Ein Projekt der Synagogen-Gemeinde Köln und der Landesverbände
der Jüdischen Gemeinden von Nordrhein und Westfalen-Lippe
durchgeführt vom NS-Dokumentationszentrum der Stadt Köln
Lebensgeschichten jüdischer Zuwanderer aus der ehemaligen Sowjetunion
in Nordrhein-Westfalen

Истории жизни еврейских иммигрантов, приехавших из бывшего Советского Союза и поселившихся
в федеральной земле Северный Рейн-Вестфалия
  1. In Domanewka blieben wir wenige Tage. Man brachte uns in irgendwelche Räume, wir alle setzten uns auf den Boden. Neben mir saß eine junge Frau, die ca. 35 Jahre alt war, mit einem Jungen, der war etwa 10. Wir erzählten, tauschten uns aus und weinten. Dann schlief man ein, alle waren malträtiert und müde.
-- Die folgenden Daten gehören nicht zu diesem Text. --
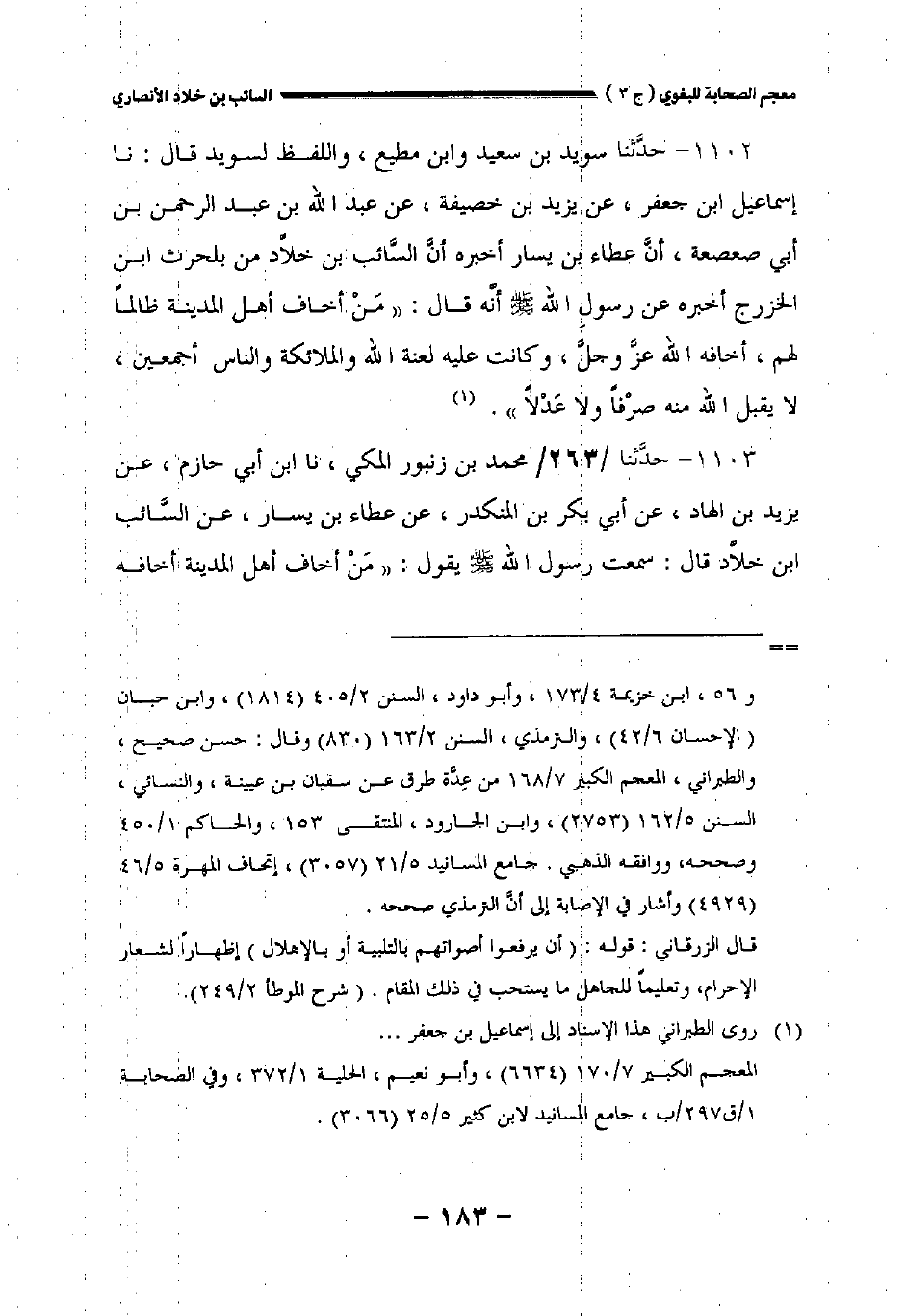 ١١٠٣ - حدثنا // ٢٦٣// محمد بن زنبور المكي نا ابن أبي حازم عن يزيد بن الهاد عن أبي بكر بن المنكدر عن عطاء بن يسار عن السائب بن خلاد قال: سمعت رسول الله صلى الله عليه وسلم يقول: " من أخاف أهل المدينة أخافه

  2. Am Morgen wachten wir auf und ich erkannte diese Frau nicht wieder. Ich guckte sie an und dachte: „Was ist los?“ Dann kapierte ich: Sie war in dieser Nacht völlig ergraut. Für mich war das… Obwohl ich schon erwachsen war, 27 Jahre alt… Das nahm mich schrecklich mit: „Mein Gott, wie kann ein Mensch…“
  3. Ich weiß nicht, ob ich das schon gesagt habe: Die letzte Gruppe… Als wir unterwegs waren, sagten die Bauern uns: „Werft alles weg, ihr werdet erschossen!“ Aber es gab schon einen Befehl von oben, wir erfuhren davon später: Stopp der Erschießungen von Juden.
  4. Wir kamen also in die letzte Gruppe, als es keine Massenerschießungen mehr gab. Einzelne Erschießungen waren (aber weiter) gang und gäbe. Wir wohnten eine Weile dort, wir gingen von Hütte zu Hütte: Ich strickte, die Tante nähte, die Bauern gaben uns dafür zu essen.
  5. Einmal sah ich durch das Fenster unseren Polizisten reiten, den Polizisten unseres Gehöfts. Er trieb eine Frau mit Kind vor sich her. Die Hütte, wo ich war, lag am Rande. Fünf oder zehn Minuten später knallten zwei Schüsse. Später erfuhren wir, dass er das Kind und die Mutter erschossen hatte. Er nahm ihren Sack und kehrte zurück ins Dorf. Das ist so eine Episode. Jemanden zu töten war straffrei, besonders die Juden. Alle Juden trugen einen sechszackigen Stern vorne und hinten.